Chris stressed the 'sweet-spot' is when you are working on PROACTIVE fixes, not REACTIVE ones. Proactive actions include analysis of a new competitor, review of algorithm updates, catching market or industry shifts, and 'cleaning your own rifle' - - making sure your SEO campaigns are clean, efficient, and effective. Reactive fixes are similar to panic-driven actions - - scrambling to repair sudden losses in traffic, conversions, phone calls, email, etc. Better to avoid having to implememt damage control in the first place, with proactive diagnostic methodologies.
Common SEO problems may be caused by our own people. Serious problems can occur from our IT making changes to pages which can hinder search engine bots (robots.txt), for example. Other SEO problems can originate from issues as simple as not using best practice for H1 and H2 titles. Your existing CMS system may be lousy, or inadvertently set-up to hurt your SEO efforts. Constantly "check with your IT team!" is Chris' advice.

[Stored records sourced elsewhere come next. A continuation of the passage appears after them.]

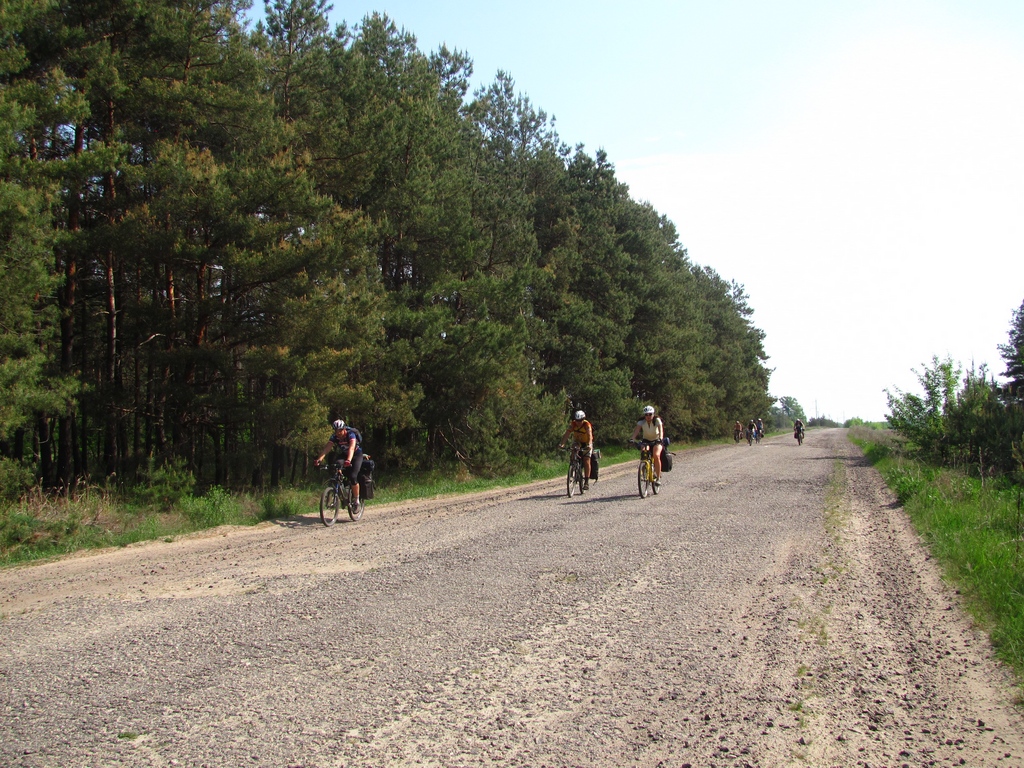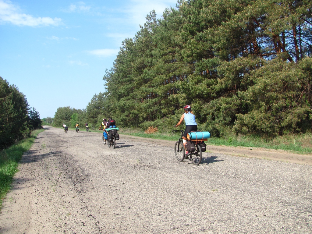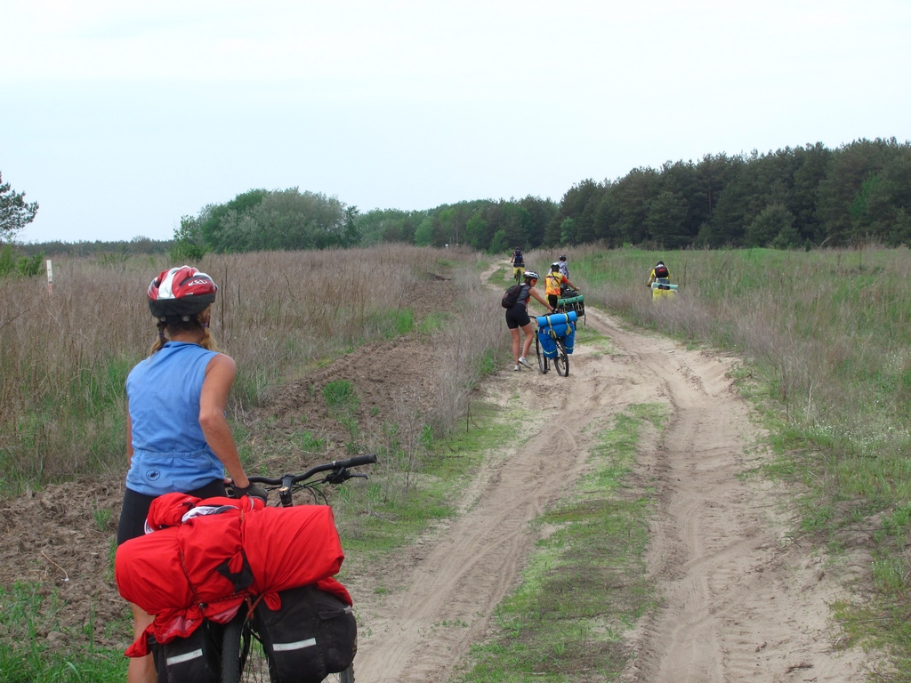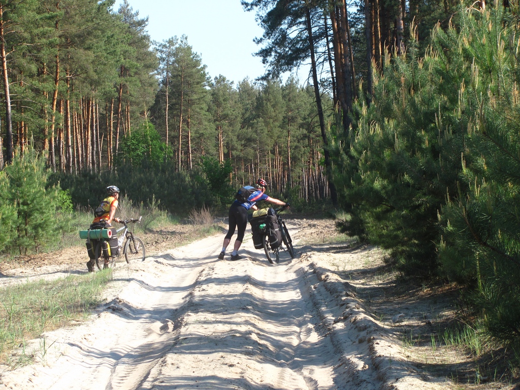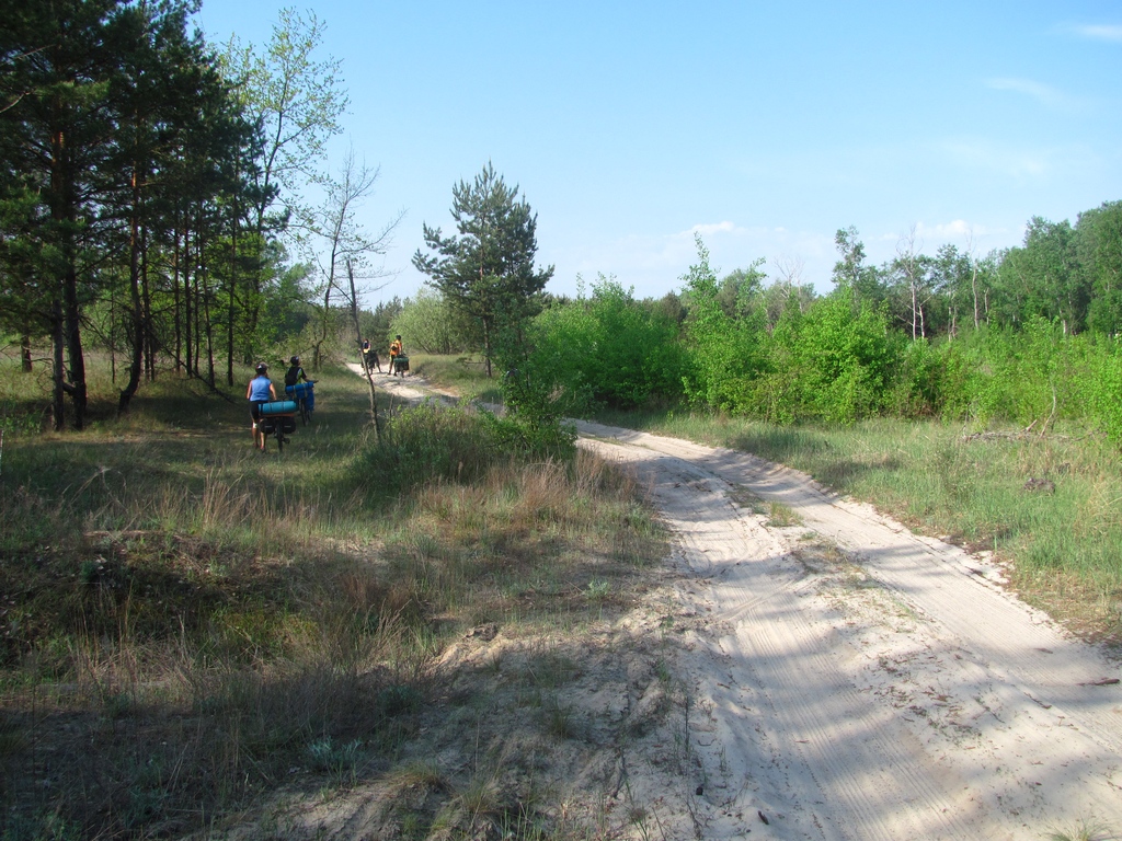 За мостом едем по тропинке, которая постепенно переходит в грунтовую дорогу. Проезжаем Головач. А за железнодорожным переездом начинается песчаная грунтовка, проехать по которой, практически невозможно. Больше идем пешком. Или, когда позволяет сосновый лес, едем рядом с дорогой.
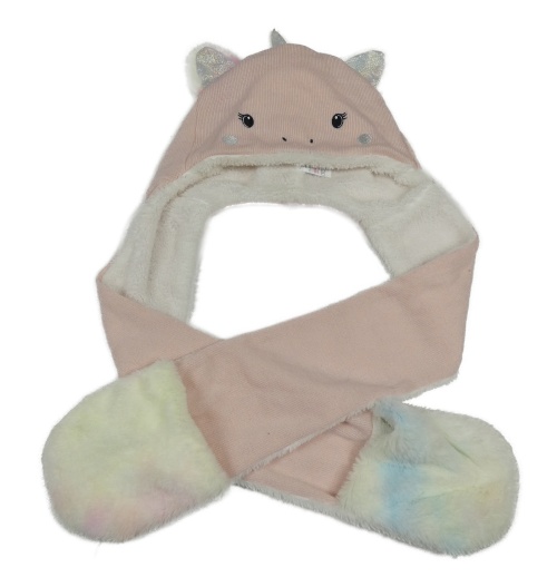 Svetloružová pletená podšitá čapica so šálou - mačka M&Co.
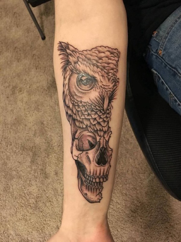 手臂纹身图片 女生手臂上猫头鹰和骷髅纹身图片
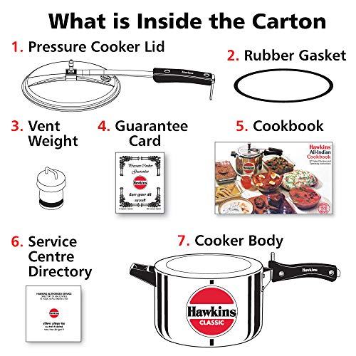 1 - Cooker Body 1 - Cooker Lid 1 - Vent Weight 1 - Rubber Gasket 1 - Guarantee Card 1 - Cookbook 1 - Service Centre Directory
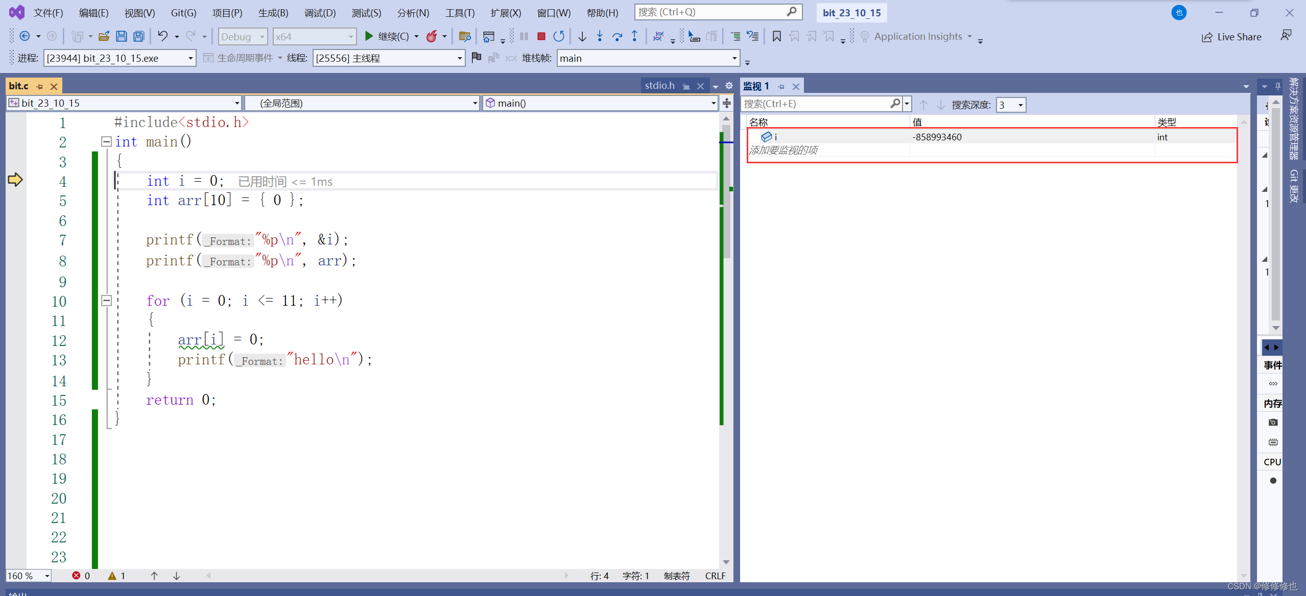 然后在监视窗口输入想观察的变量,敲下回车就可以观察这个变量了.
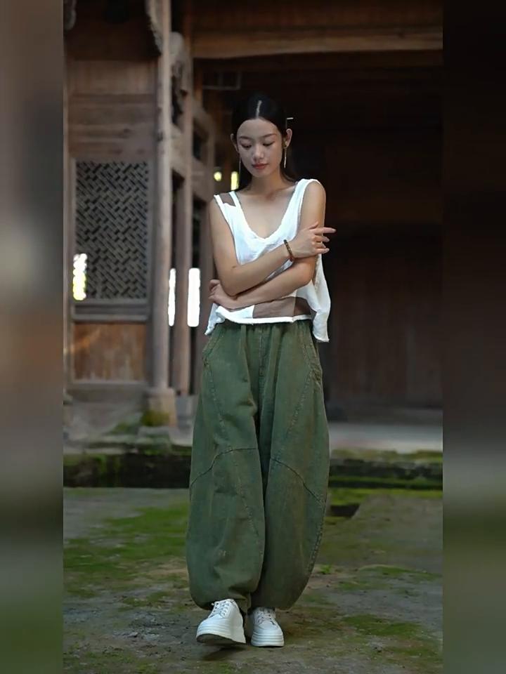 Женские винтажные шаровары Johnature, эластичные осенние однотонные свободные длинные брюки в стиле пэчворк с резинкой на талии — купить товар онлайн с бесплатной доставкой по всему миру!
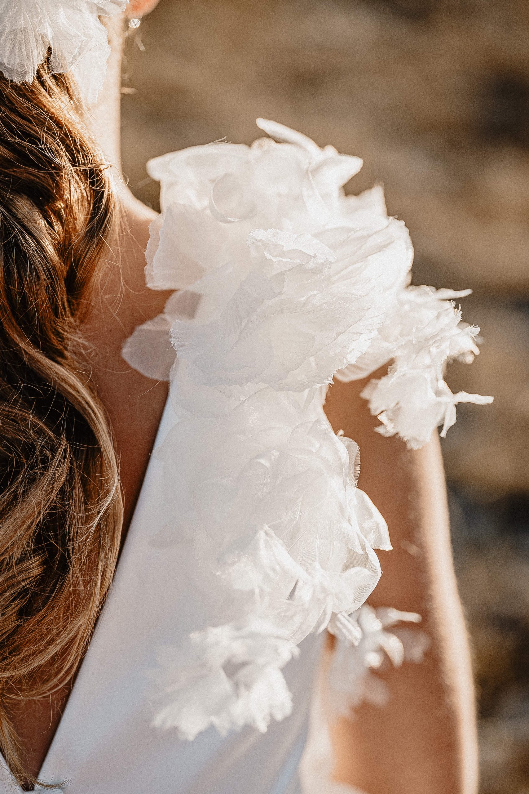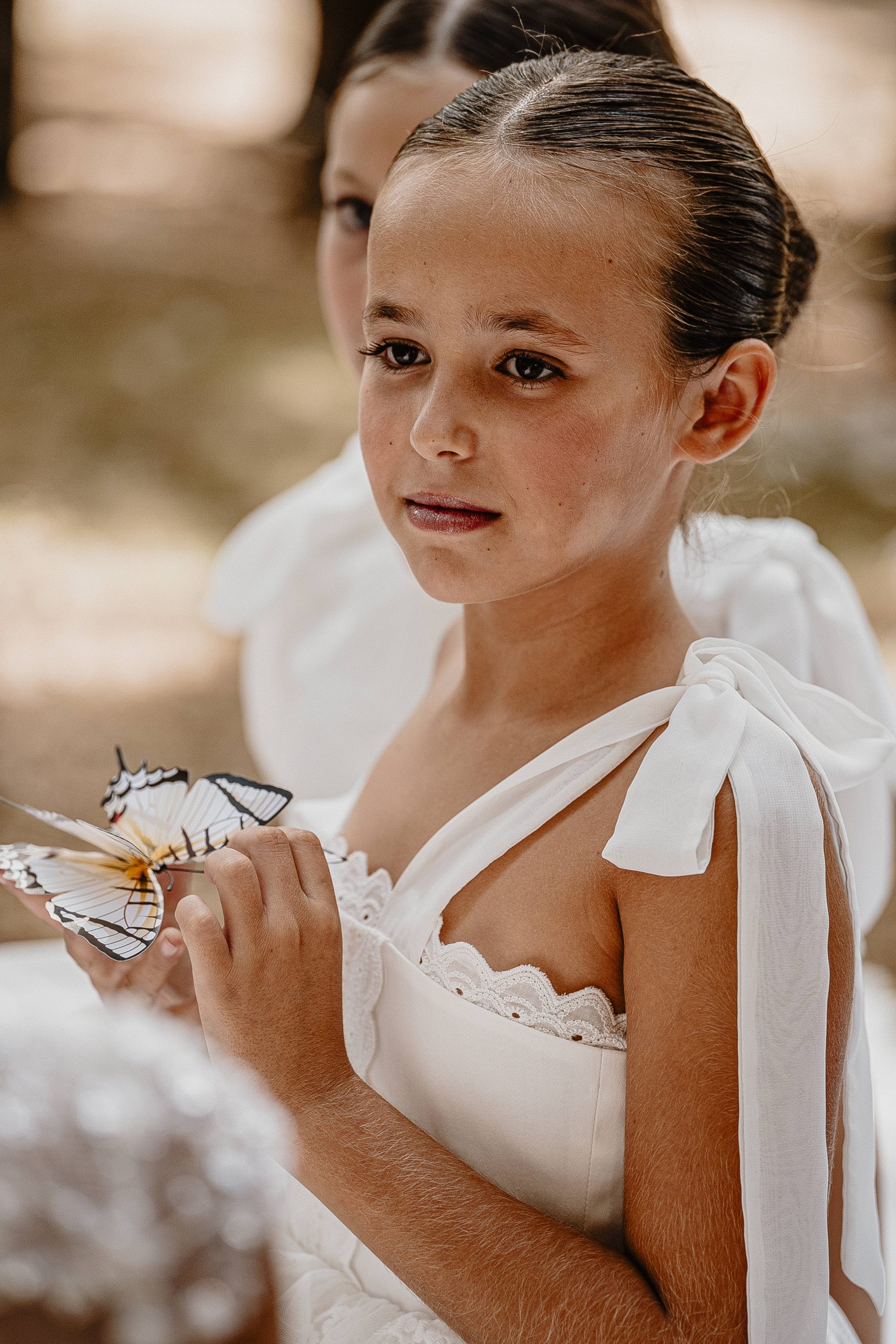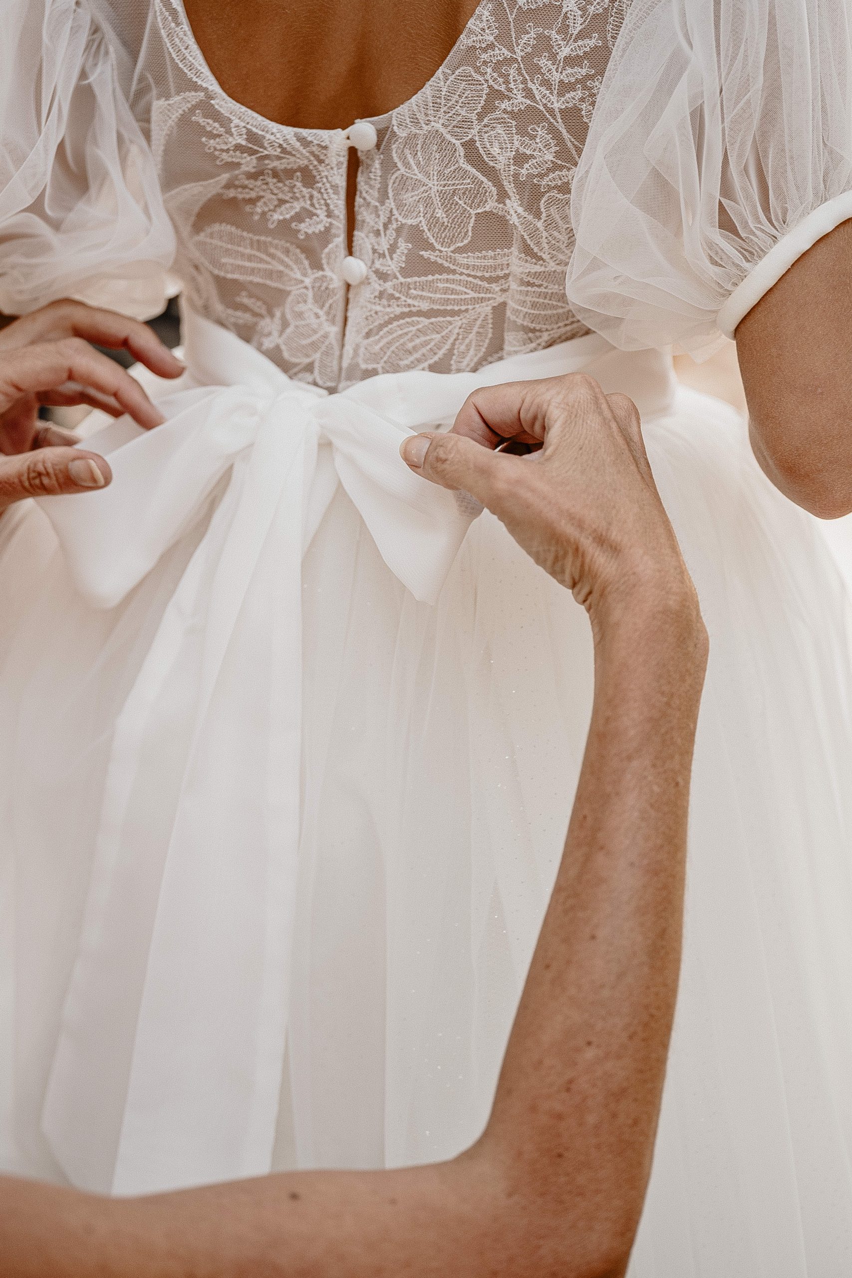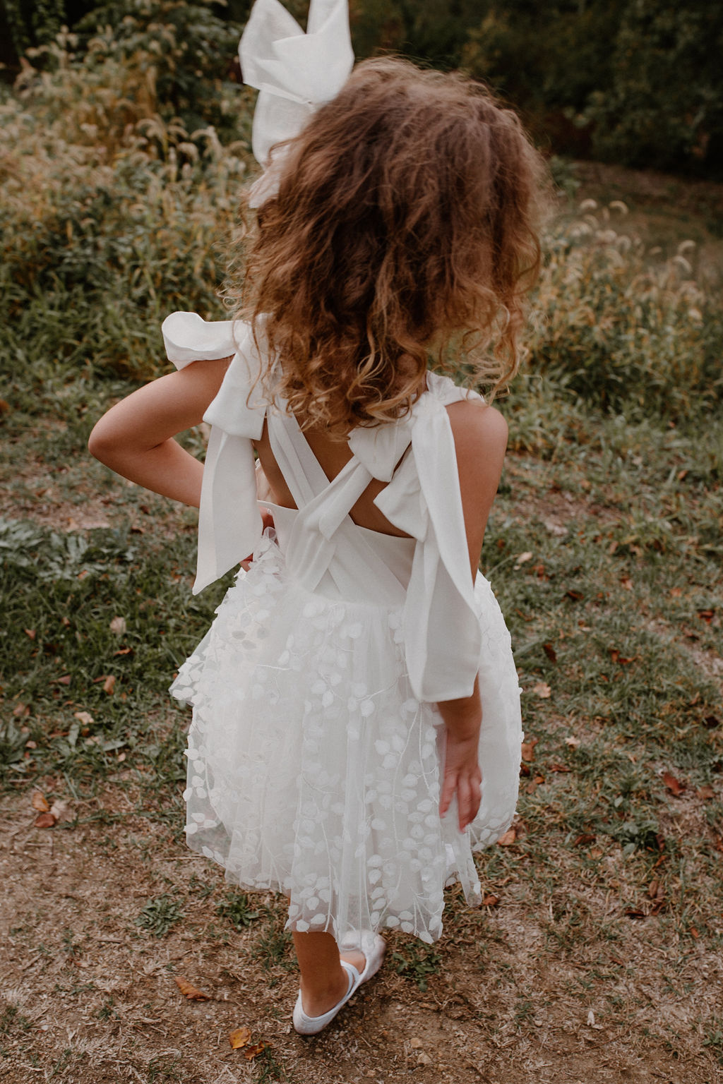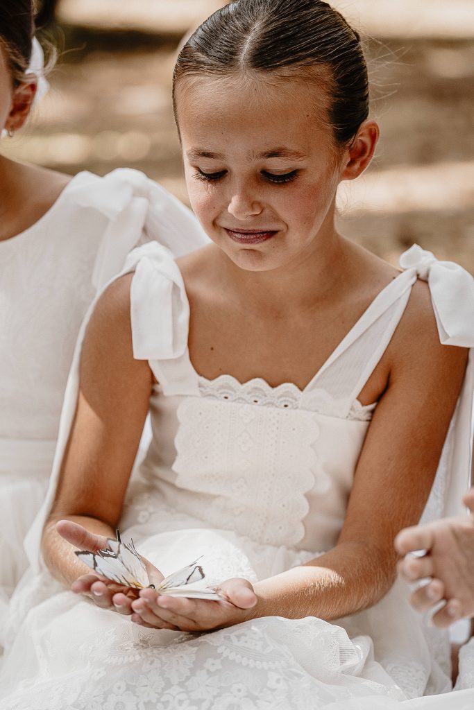 De petits papillons se sont posés sur les gros nœuds en tulle des épaules, apportant un coté féerique au modèle.

New competitors, or reinvigorated competitors, can cause SEO problems. "Check your competitive neighborhood". Use analytical tools to drill-down, analyze, and see those important "Uh Oh" moments.
Chris listed a number of useful SEO tools he likes, including Bright Edge, Google Webmaster Tools, URI Valet, Majestic, Raven, and SEOMOZ.
At the end, Chris emphasized that the best SEO diagnosis and fix is good content. "Content is still King". Links will still have place in SEO, though deliberate at-scale link-building campaigns are losing value thanks to Penguin. Chris stressed don't ignore social media. Matt Cutts from Google himself pointed in a direction where Google will search deeper and rank social media content more highly than in the past. This all points to having great, original content on your website as a prime proactive step which can be taken to improve your SEO and SERPs.
My other take on this presentation and many others at SES is that we should learn to exploit Big Data (analytics) as much as possible. Conducting SEO campaigns without factual website analytics knowledge to help guide us is similar to driving a car with just one eye open, a lot can be missed!